• **What the task asks**
Reproduce nothing but the lines from the start of the material through the line that includes "প্রথমে আমি কাঠ", both ends included, and omit every picture.
[Raw data — start]
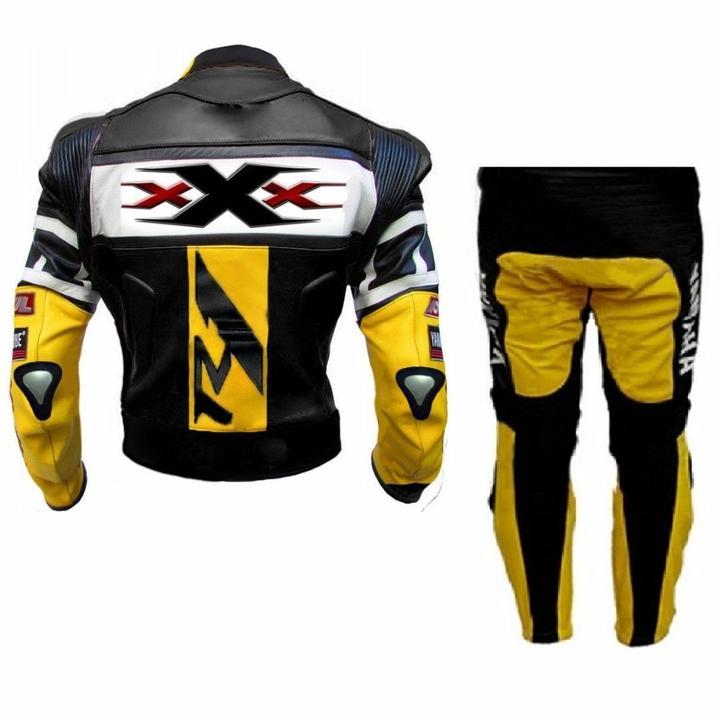 Men Black & Yellow Sports Racing Motorcycle Leather Suit Jacket & Pants UK
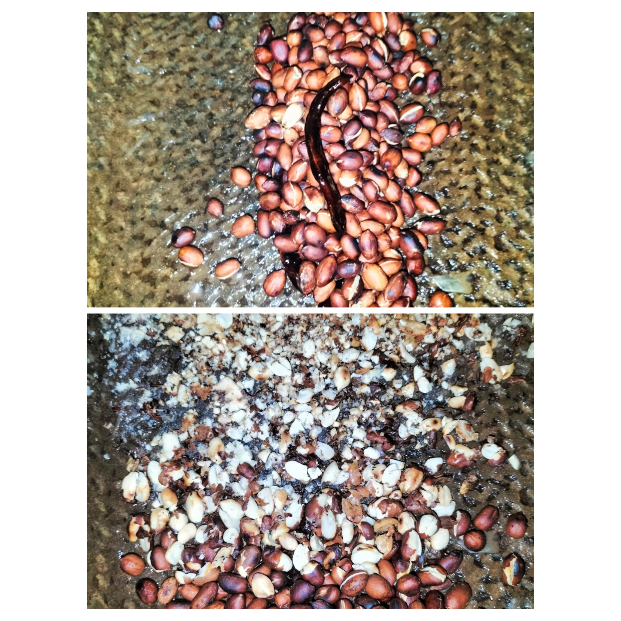 প্রথমে আমি কাঠ খোলায় চিনা বাদাম ভেজে নিয়েছি। কাঠ খোলা মানে তেল ছারা ভাজা।আমি তেল ছারা বাদাম গুলো ভেজে নিয়েছি ভালো করে এবং নামিয়ে নিয়েছি।
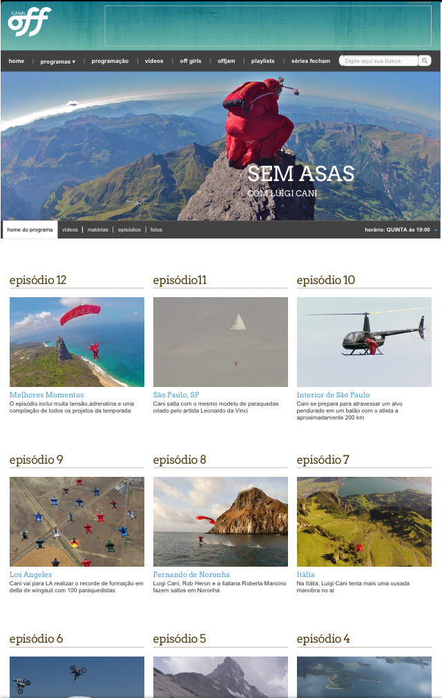 Como o próprio nome sugere, a série mostra os melhores lugares nacionais para a prática de determinadas modalidades de ação. Do Kitesurfe, em Cumbuco, ao Parkour, no centro … horário: SEGUNDA às 19:00
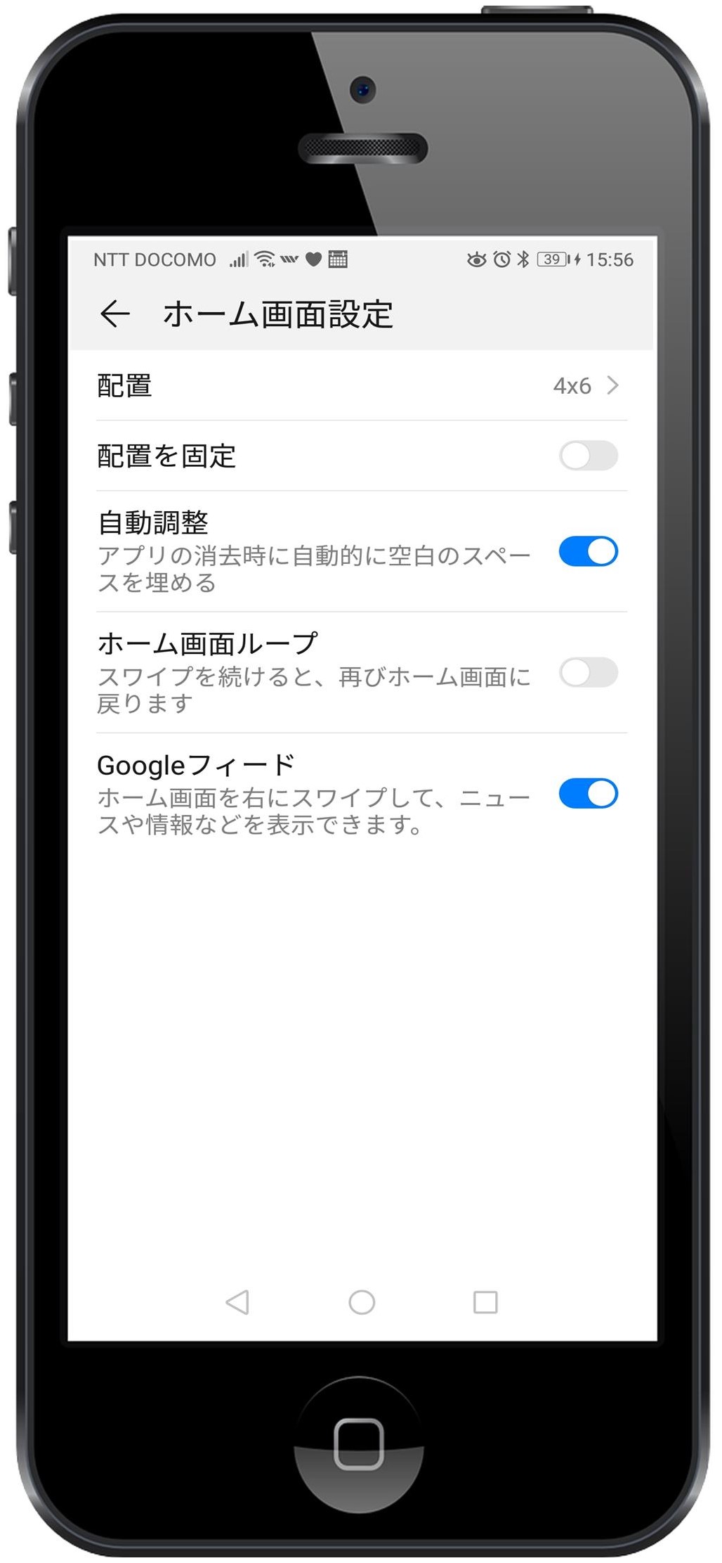 上の画面「 図2.」から「ホーム画面の設定」を選択します。
[Raw data — finish]
• **Exercise result**
 Men Black & Yellow Sports Racing Motorcycle Leather Suit Jacket & Pants UK
 প্রথমে আমি কাঠ খোলায় চিনা বাদাম ভেজে নিয়েছি। কাঠ খোলা মানে তেল ছারা ভাজা।আমি তেল ছারা বাদাম গুলো ভেজে নিয়েছি ভালো করে এবং নামিয়ে নিয়েছি।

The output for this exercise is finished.